In ravb_probe, priv->work was bound with ravb_tx_timeout_work. If timeout occurs, it will start the work. And if we call ravb_remove without finishing the work, there may be a use-after-free bug on ndev. Fix it by finishing the job before cleanup in ravb_remove. Note that this bug is found by static analysis, it might be false positive. Fixes: c156633f1353 ("Renesas Ethernet AVB driver proper") Signed-off-by: Zheng Wang <zyytlz.wz@163.com> Reviewed-by: Sergey Shtylyov <s.shtylyov@omp.ru> --- v4: - add information about the bug was found suggested by Yunsheng Lin v3: - fix typo in commit message v2: - stop dev_watchdog so that handle no more timeout work suggested by Yunsheng Lin, add an empty line to make code clear suggested by Sergey Shtylyov --- drivers/net/ethernet/renesas/ravb_main.c | 3 +++ 1 file changed, 3 insertions(+)
Comments
On Tue, 25 Jul 2023 11:00:26 +0800 Zheng Wang wrote: > diff --git a/drivers/net/ethernet/renesas/ravb_main.c b/drivers/net/ethernet/renesas/ravb_main.c > index 4d6b3b7d6abb..ce2da5101e51 100644 > --- a/drivers/net/ethernet/renesas/ravb_main.c > +++ b/drivers/net/ethernet/renesas/ravb_main.c > @@ -2885,6 +2885,9 @@ static int ravb_remove(struct platform_device *pdev) > struct ravb_private *priv = netdev_priv(ndev); > const struct ravb_hw_info *info = priv->info; > > + netif_carrier_off(ndev); > + netif_tx_disable(ndev); > + cancel_work_sync(&priv->work); Still racy, the carrier can come back up after canceling the work. But whatever, this is a non-issue in the first place. The fact that ravb_tx_timeout_work doesn't take any locks seems much more suspicious.
On Tue, 2023-07-25 at 20:19 -0700, Jakub Kicinski wrote: > On Tue, 25 Jul 2023 11:00:26 +0800 Zheng Wang wrote: > > diff --git a/drivers/net/ethernet/renesas/ravb_main.c b/drivers/net/ethernet/renesas/ravb_main.c > > index 4d6b3b7d6abb..ce2da5101e51 100644 > > --- a/drivers/net/ethernet/renesas/ravb_main.c > > +++ b/drivers/net/ethernet/renesas/ravb_main.c > > @@ -2885,6 +2885,9 @@ static int ravb_remove(struct platform_device *pdev) > > struct ravb_private *priv = netdev_priv(ndev); > > const struct ravb_hw_info *info = priv->info; > > > > + netif_carrier_off(ndev); > > + netif_tx_disable(ndev); > > + cancel_work_sync(&priv->work); > > Still racy, the carrier can come back up after canceling the work.

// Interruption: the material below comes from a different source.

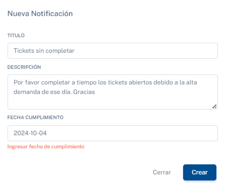 Completa todos los campos y haz clic en "Crear" para guardar la notificación.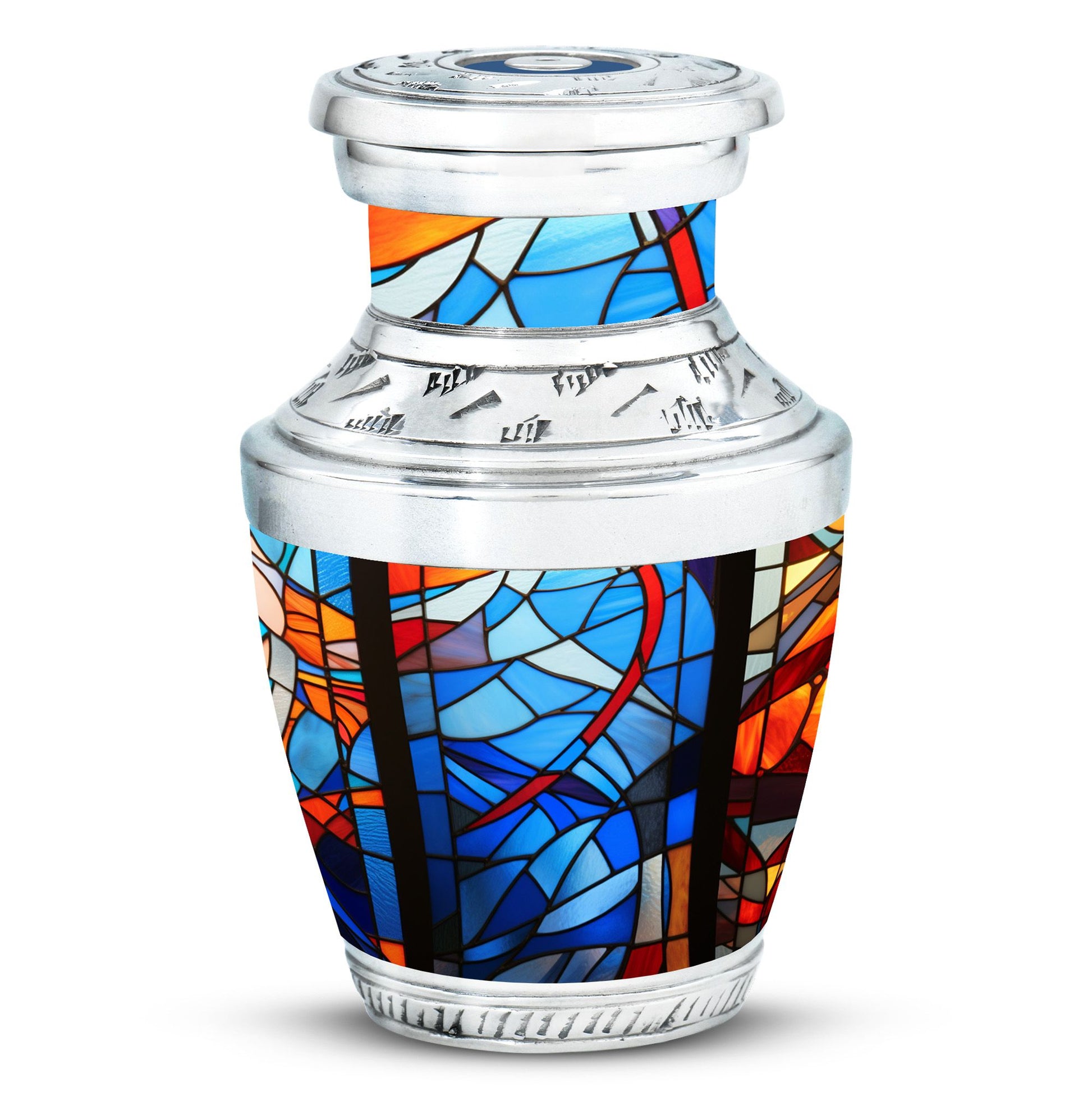 The **Stained Glass Mini Urn** features **intricate stained glass patterns, symbolizing the radiant spirit and lasting presence of a loved one**.

I must admit I don't see how/when this driver sets the carrier on ?!? > But whatever, this is a non-issue in the first place. Do you mean the UaF can't happen? I think that is real. > The fact that ravb_tx_timeout_work doesn't take any locks seems much > more suspicious. Indeed! But that should be a different patch, right? Waiting a little more for feedback from renesas. /P
Hello! On 7/27/23 11:21 AM, Paolo Abeni wrote: [...] >>> diff --git a/drivers/net/ethernet/renesas/ravb_main.c b/drivers/net/ethernet/renesas/ravb_main.c >>> index 4d6b3b7d6abb..ce2da5101e51 100644 >>> --- a/drivers/net/ethernet/renesas/ravb_main.c >>> +++ b/drivers/net/ethernet/renesas/ravb_main.c >>> @@ -2885,6 +2885,9 @@ static int ravb_remove(struct platform_device *pdev) >>> struct ravb_private *priv = netdev_priv(ndev); >>> const struct ravb_hw_info *info = priv->info; >>> >>> + netif_carrier_off(ndev); >>> + netif_tx_disable(ndev); >>> + cancel_work_sync(&priv->work); >> >> Still racy, the carrier can come back up after canceling the work. > > I must admit I don't see how/when this driver sets the carrier on ?!? The phylib code does it for this MAC driver, see the call tree of phy_link_change(), on e.g. https://elixir.bootlin.com/linux/v6.5-rc3/source/... >> But whatever, this is a non-issue in the first place. > > Do you mean the UaF can't happen? I think that is real. Looks possible to me, at least now... and anyway, shouldn't we clean up after ourselves if we call schedule_work()?However my current impression is that cancel_work_sync() should be called from ravb_close(), after calling phy_{stop|disconnect}()... >> The fact that ravb_tx_timeout_work doesn't take any locks seems much >> more suspicious. > > Indeed! But that should be a different patch, right? Yes. > Waiting a little more for feedback from renesas. Renesas historically hasn't shown much interest to reviewing the sh_eth/ravb driver patches, so I took that task upon myself. I also happen to be a nominal author of this driver... :-) > /P MBR, Sergey
On Thu, 27 Jul 2023 21:48:41 +0300 Sergey Shtylyov wrote: > >> Still racy, the carrier can come back up after canceling the work. > > > > I must admit I don't see how/when this driver sets the carrier on ?!? > > The phylib code does it for this MAC driver, see the call tree of > phy_link_change(), on e.g. https://elixir.bootlin.com/linux/v6.5-rc3/source/... > > >> But whatever, this is a non-issue in the first place. > > > > Do you mean the UaF can't happen? I think that is real. > > Looks possible to me, at least now... and anyway, shouldn't we clean up > after ourselves if we call schedule_work()?However my current impression is > that cancel_work_sync() should be called from ravb_close(), after calling > phy_{stop|disconnect}()... > > >> The fact that ravb_tx_timeout_work doesn't take any locks seems much > >> more suspicious. > > > > Indeed! But that should be a different patch, right? > > Yes. > > > Waiting a little more for feedback from renesas. > > Renesas historically hasn't shown much interest to reviewing the sh_eth/ravb > driver patches, so I took that task upon myself. I also happen to be a nominal > author of this driver... :-) Simplest fix I can think of is to take a reference on the netdev before scheduling the work, and then check if it's still registered in the work itself. Wrap the timeout work in rtnl_lock() to avoid any races there.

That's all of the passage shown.